Use of the term second cousin in a formal setting.
I am trying to write an engraving message for a Christening gift. Please help me. I am Godfather of my cousin’s son. I have asked to be a Godfather of his son. What are my circumstances?
I ideally want to put “from your Godfather and second cousin”, since “my name is Jamie” and the other Godfather is also known as Jamie. At that moment, I have to do what has happened to me in the past and get rid of the meaning of “from your godfather”.
Where to put your Godfather and your second cousin the other way around. I want to put it grammatically correct.
So far I have this:
Oliver on your Christening, with love from Godfather and second cousin Jamie.
Any order is equally correct. What are some examples?

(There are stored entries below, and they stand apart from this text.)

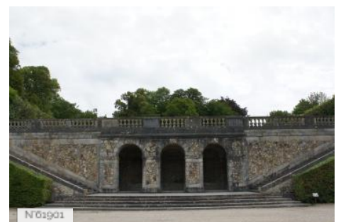
Château de Vaux-le-Vicomte - Confessional ou grotte sèche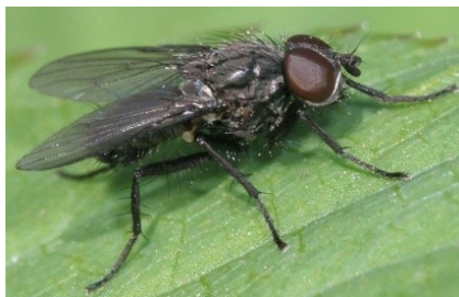
Черная пшеничная муха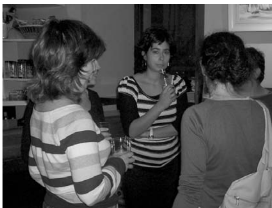
lazio ikasturteko Solaskideko talde bat.

Udal euskaltegietan ordea, izena emateko epea irailaren 19an itxiko da eta kurtsoari hil bereko 22an emango diote hasiera. Bulegoa goizeko 8:30etik 19:15 arte egongo da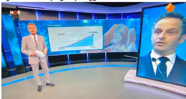
NOS Journaal gemist? Start met kijken op NPO Start (7 minuut en 40 sec)

Hoe kan het dat er minder prikken zijn gezet dan gepland. "Hugo de Jonge kwam met een opvallende verklaring". Hugo de Jonge: "we weten het niet precies maar het kan doordat afspraken worden verzet of niet worden gemaakt door mensen". NOS Joris van Poppel geeft aan dat het mensen ook niet makkelijk werd gemaakt. Het GGD telefoon systeem was vaak overbelast. Ernst Kuiper geeft aan dat ziekenhuizen met gemak meer dan 2 miljoen per week kunnen prikken. NOS signaleert dat zij eigenlijk zeggen "had ons maar veel eerder gevraagd te helpen"

The one you have is fine, going from less specific to more specific.
However, there’s clearly a “to” missing in front of “Oliver”. The other answers so far fix it only quietly, and only insufficiently with saying “To Oliver on your Christening”. That makes Oliver a different person from the recipient of the Christening, because you are second person, while Oliver is third person. For someone to fix that, the you should be replaced with his.

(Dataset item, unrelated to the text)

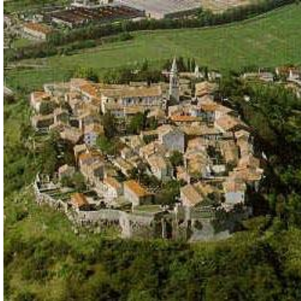
Slika 8. Buzet, grad istarskih tartufa

To Oliver on his Christening, with love from Godfather and second cousin Jamie
The second his is optional. If something is yours to answer, it just cannot
be yours.
I would switch some parts of the sentence around and use parentheses in order to minimize the scope for ambiguity.
To Oliver on the occasion of your christening, with love from Jamie (your godfather
and second cousin) Incidentally, it is unnecessary to capitalize christening and
godfather: they are generic nouns rather than proper nouns.
On the other hand, the day may come when Oliver realizes that you’re not second cousins, and if they still slap their foreheads, he will.